**What the task asks:**
Every line of the data that contains the string "Swank" must be copied.

---------- Given records ----------

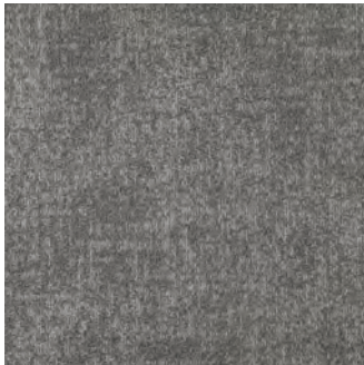
Muddy Boots FSY13
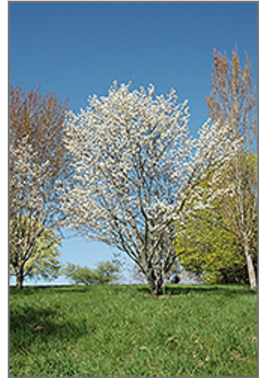
Princess Diana Serviceberry in bloom
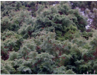
C. pisifera 'Squarrosa'
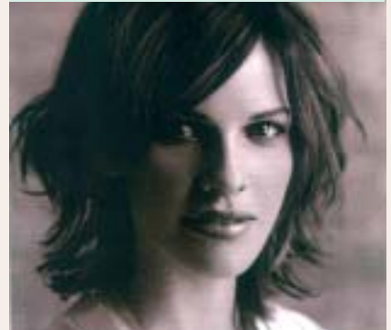
Hilary Swank Actress

A native of Bellingham, Washington, Hilary Swank won the Academy Award for Best Actress for her performance in Boys Don't Cry , as well as the Golden Globe and the Independent Spirit Award. She has appeared in The Gift , The Affair of the Necklace , Insomnia and The Core . Most recently, she starred in the HBO drama, Iron Jawed Angels that premiered in February. Also in February, Swank finished shooting Red Dust , which filmed on location in South Africa. She currently lives in New York with her husband, Chad Lowe.
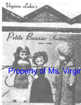
Book 3 — Knitting patterns for 8, 9, 10 & 12" dolls.
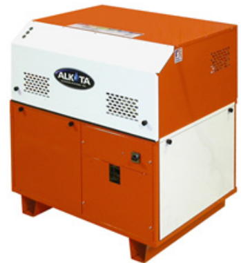
Alkota Wash Bay CW Unit 530B ETL
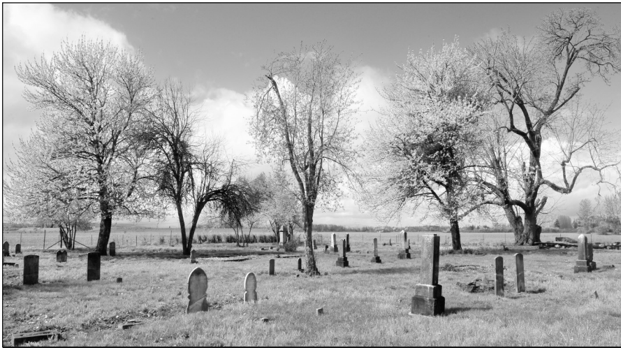
Luper Pioneer Cemetery will be open for tours and viewing on Memorial Day weekend
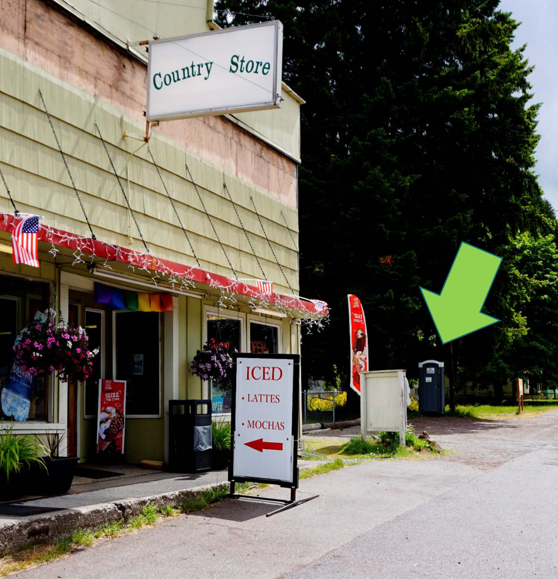
Idanha, Oregon Population: 140
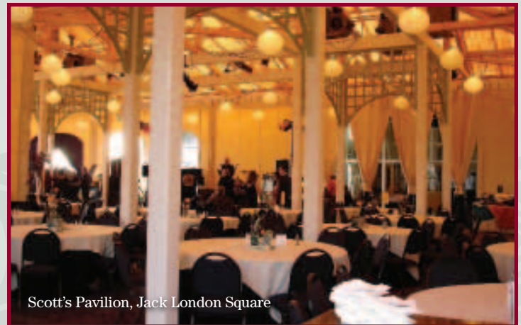
Scott's Pavilion, Jack London Square

The ultimate in privacy, expansive views, full bar facilities, and tasteful appointments, Scott's Catering Services provides every detail necessary for your special event. Please call to arrange for a complimentary roundtable luncheon and a tour of our facilities or visit us at our website at www.scottseastbay.com .
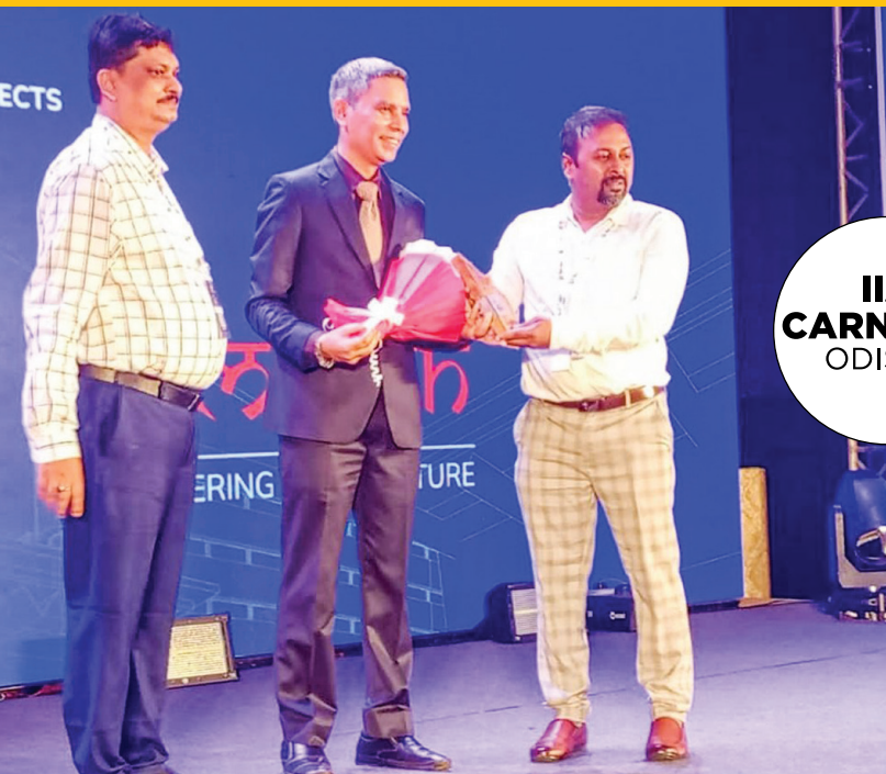
IIA CARNIVAL, ODISHA
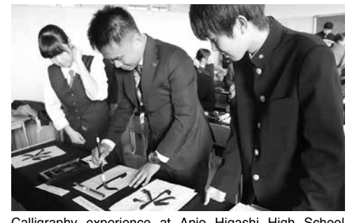
Calligraphy experience at Anjo Higashi High School (October 26)
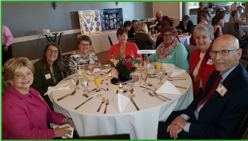
IW Club of Cupertino Table
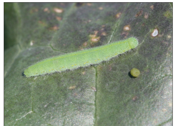
Imported cabbageworm, a possible target for caterpillar strains of B.t.
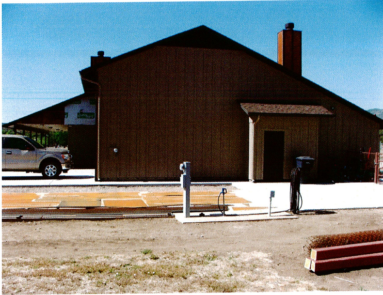
RIGHT VIEW (NORTH SIDE) OF CONSTRUCTED HOUSE TAKEN 6-02-2013

If submitting more photographs than will fit on the preceding page, affix the additional photographs below. Identify all photographs with: date taken; "Front View" and "Rear View"; and, if required, "Right Side View" and "Left Side View." When applicable, photographs must show the foundation with representative examples of the flood openings or vents, as indicated in Section A8.
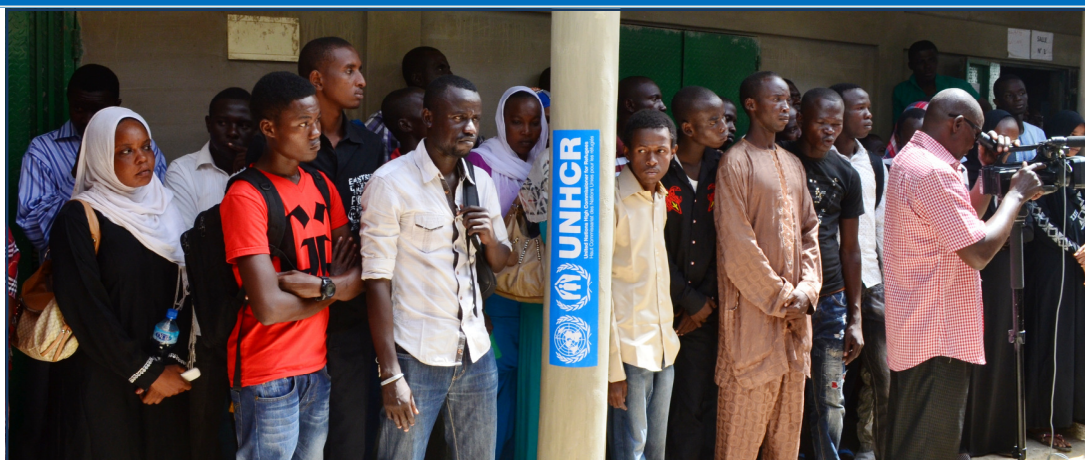
Ceremony at the EPICA granting newly-arrived CAR refugee students a scholarship, April 2014.

*Hosting villages: Koldaga, Bekourou, Dilingala & Doubadene
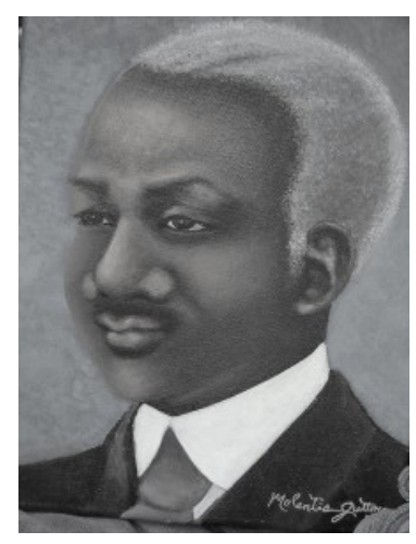
Feb 10 - 28 Honolulu Hale Courtyard

The Obama Hawaiian Africana Museum and The Hawaii Alumnae Chapter of Delta Sigma Theta Sorority present this exhibit that honors America's first president of African descent and born and raised in Hawai'i. It will also feature a variety of art forms promoting peace, including paintings, calligraphy and more.
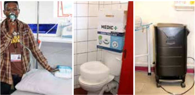
Above left to right: The nebuliser we donated to the ER in Witkoppen Clinic / Medical toilet seat / The air filters we took to Witkoppen Clinic for their TB room.

Sadly, for a lot of communities, winter brings with it the tragedy of shack fires, in which owners lose absolutely everything they possess. Having already assisted 11 families in Diepsloot when their dwellings were razed in mid-September, we were alerted to – and assisted with – seven more shack-fire cases. Thankfully, we were able to provide 4 utility tubs each filled with 30kg food, duvets, kitchenware, clothing and some toiletries, with thanks to several thoughtful Dainfern residents.
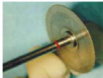
Cerakill, highest quality disc

Para un proceso de trabajo donde se requiere mayor flexibilidad, se utiliza un disco estándar de flexicut y simplecut.
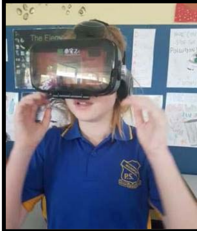
Students had an opportunity to enter the EHS Virtual Reality world where they had little challenges meeting people along the way who will help them with their transition to high school.
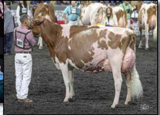
MILKSOURCE TANTRUM-RED-ET EX-92 FULL SISTER TO LOT 7 Reserve All-American R&W Senior 3-Year-Old 2022
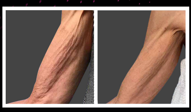
HALO® | 3 MONTHS POST 1 TREATMENT
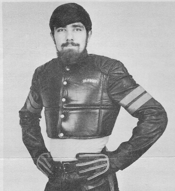
Pictured above are our new Hi-Point leathers, chest protector and moto-cross jacket. The leathers come in either black or gold, No. 402. The chest protector is green with gold stripes, No. 401. The moto-cross jacket is black with either red or gold stripes, No. 403.
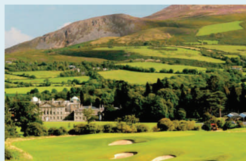
Country Wicklow "The Garden of Ireland"
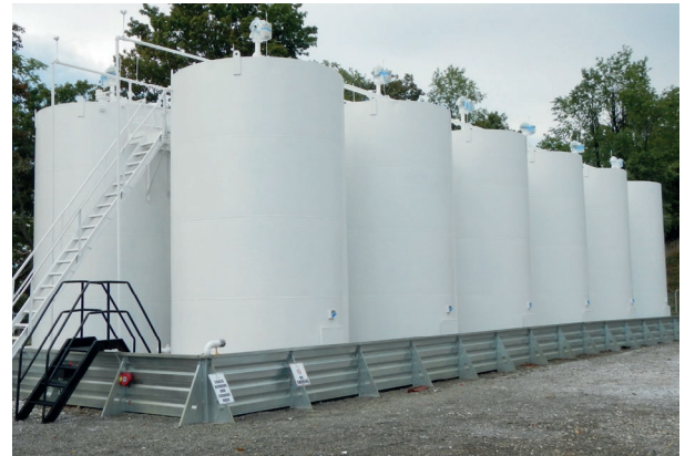
SITEGUARD secondary containment systems have been installed in more than 8,000 locations with a 100% environmental success rate.

Each system is custom built to fit your site and SPCC requirements. The SITEGUARD seamless secondary containment system is backed with an 18-month warranty.
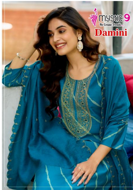
The simple yet comfortable garment originated in the northern states of Punjab
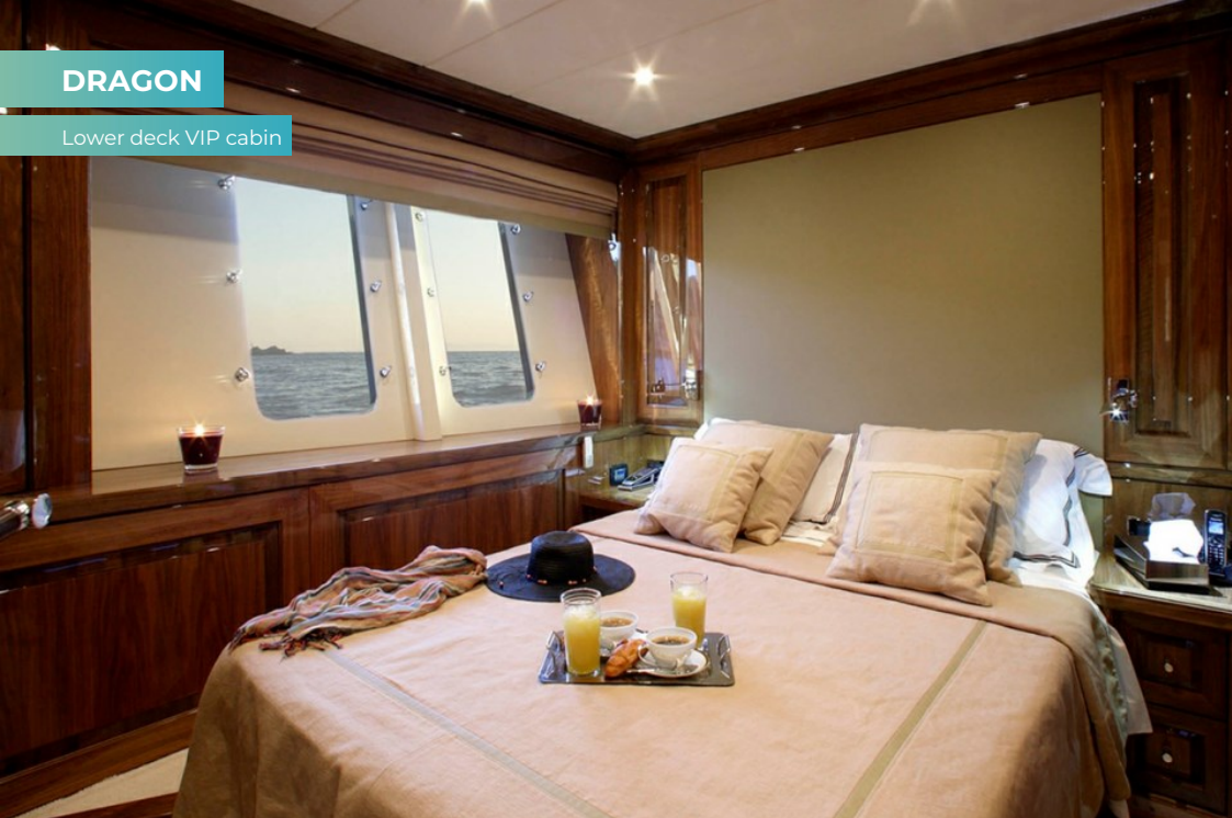
Lower deck VIP cabin
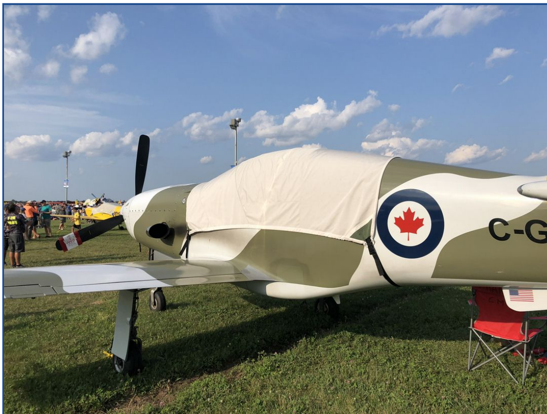
Legend Canopy Cover
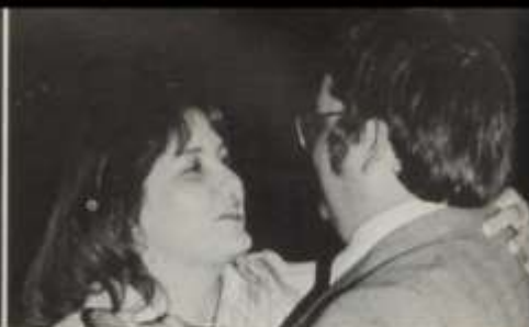
Fellow, YOU know who hold of you now!!!
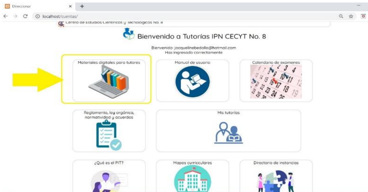
Figure 3. Digital materials for tutors
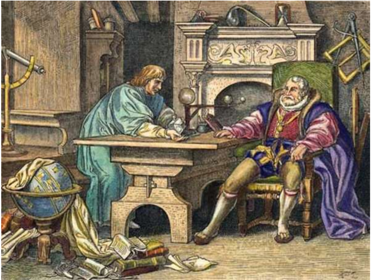
Johannes Kepler German Astronomer with Rudolf II
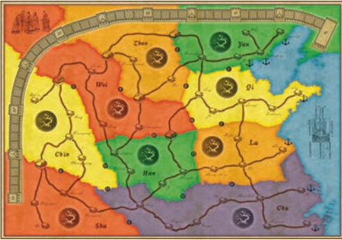
Border Disputes playing map, for 3-5 players
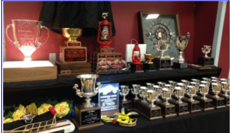
The table is full of awards for the Musher's Banquet.

On another note, I had the privilege of obtaining my Amateur Radio Volunteer Examiner credentials. Three of us from Nome traveled to Unalakleet to administer the Technician license test. Five passed. Each was awarded a dual band radio. Our club also set up a repeater so they could get on the air before we left the village. There have been many more requests for testing in Unalakleet as well as Shaktoolik, Teller and Elim. It's a real joy to 'light up' an Alaskan Village with ham radio. Our next project is to donate an IRLP (internet connection) in each village. ■
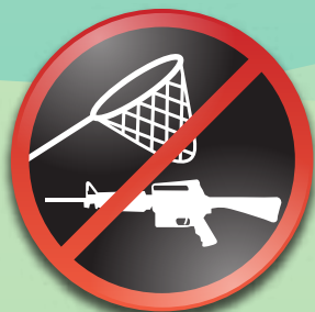
禁止攜帶任何獵捕 或陷阱類器具或槍械 Don't carry any hunting or trapping appliance or arms
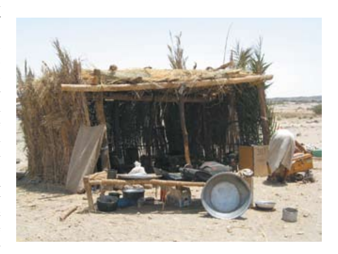
The temporary camp for Merowe Dam affected people.

Merowe Dam, Sudan: With a planned capacity of 1,250 MW, the Merowe Dam in northern Sudan is the largest hydropower project currently under construction in Africa. The dam will displace up to 70,000 people from the fertile Nile Valley to arid desert locations. The project is being built by Chinese, German and French companies, with financing from the China Exim Bank and Arab financial institutions. In May 2007, the affected people reached an agreement with the government of Sudan's Nile State that gave them the right to relocate to settlements along the reservoir. Yet this agreement has never been honored, and the powerful Dam Implementation Unit, which sits directly under the Sudanese president, has waged a relentless campaign to drive the affected people off their lands. The dam authority sent armed militia to suppress local protests in several instances, including killing three people and injuring many more in a massacre in April
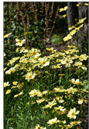
Full Moon Tickseed flowers
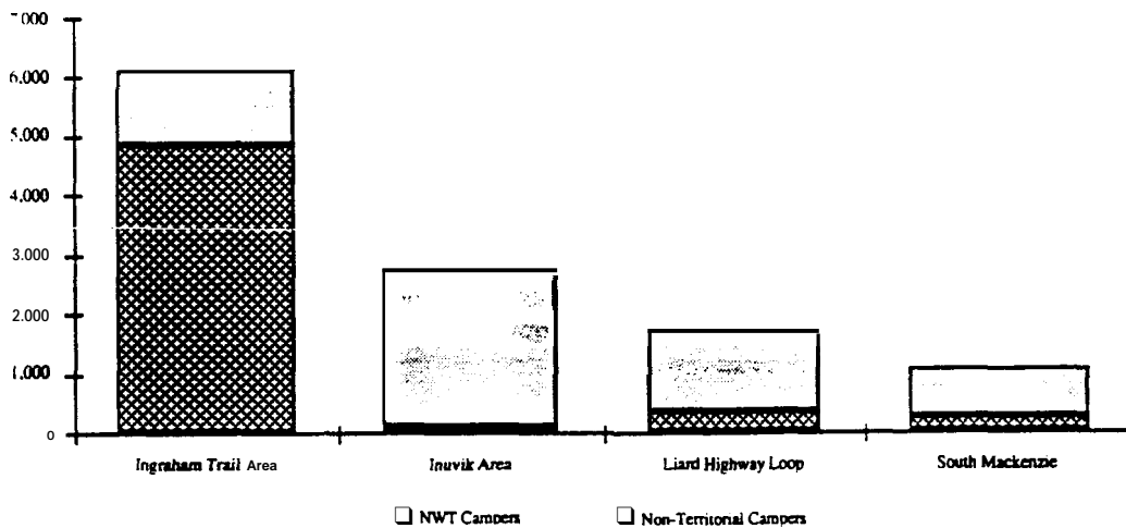
Figure 2 Group Nights by Area
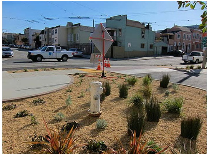
November 2011: Newcomb Avenue post construction.

EPA awarded $1.69 million for two projects to improve stormwater management. Newcomb Avenue, now recognized as the greenest street in San Francisco, was completed in December 2011. The project replaced a nearly 100% impervious streetscape with LID elements, such as permeable pavement, sidewalk landscaping, trees, and stormwater planters. San Francisco will also reduce storm water flows to the combined sewer system by 500,000 gallons per year using LID to retrofit a one-mile segment of Cesar Chavez Street. Construction is expected to begin in early 2013 and take approximately nine months to complete. Project results will inform future urban LID redevelopment and move San Francisco closer to its goal of reducing combined sewer overflows into the Bay.
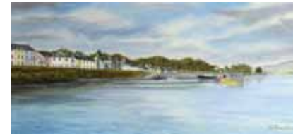
TITLE: Roundstone Harbour MEDIA: Oil on canvas YEAR: 2011 Nº: Pc083 LOCATION: JW's Brasserie - Red Room
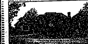
USZTAN CONSTRUCTION created this masterpiece on 4.078 acres with maple, cherry and oak hardwood flooring. Downview European gourmet kitchen with four-way limestone fireplace. Many more features. $1,150,000 (ED-R-00COL) 432171 Call 656-8500
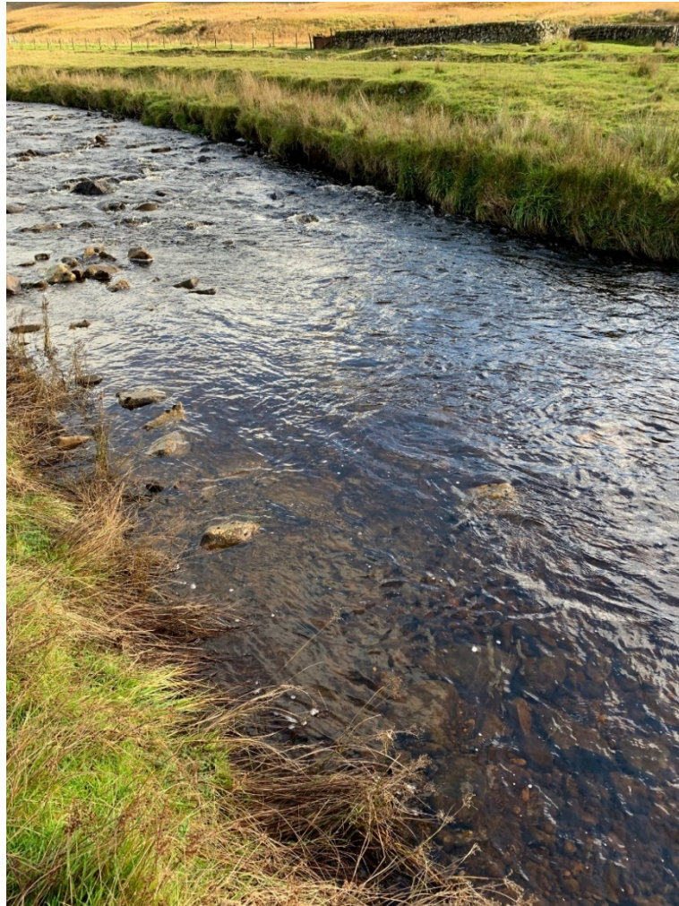
Figure 1: Site 1, upstream of the ford

Both Brown trout fry and parr were found in low densities in this site, ranging from 0+ years all the way to 3+ years (Figure 2).

----------

**Solution for this exercise:**
Hilary Swank Actress
A native of Bellingham, Washington, Hilary Swank won the Academy Award for Best Actress for her performance in Boys Don't Cry , as well as the Golden Globe and the Independent Spirit Award. She has appeared in The Gift , The Affair of the Necklace , Insomnia and The Core . Most recently, she starred in the HBO drama, Iron Jawed Angels that premiered in February. Also in February, Swank finished shooting Red Dust , which filmed on location in South Africa. She currently lives in New York with her husband, Chad Lowe.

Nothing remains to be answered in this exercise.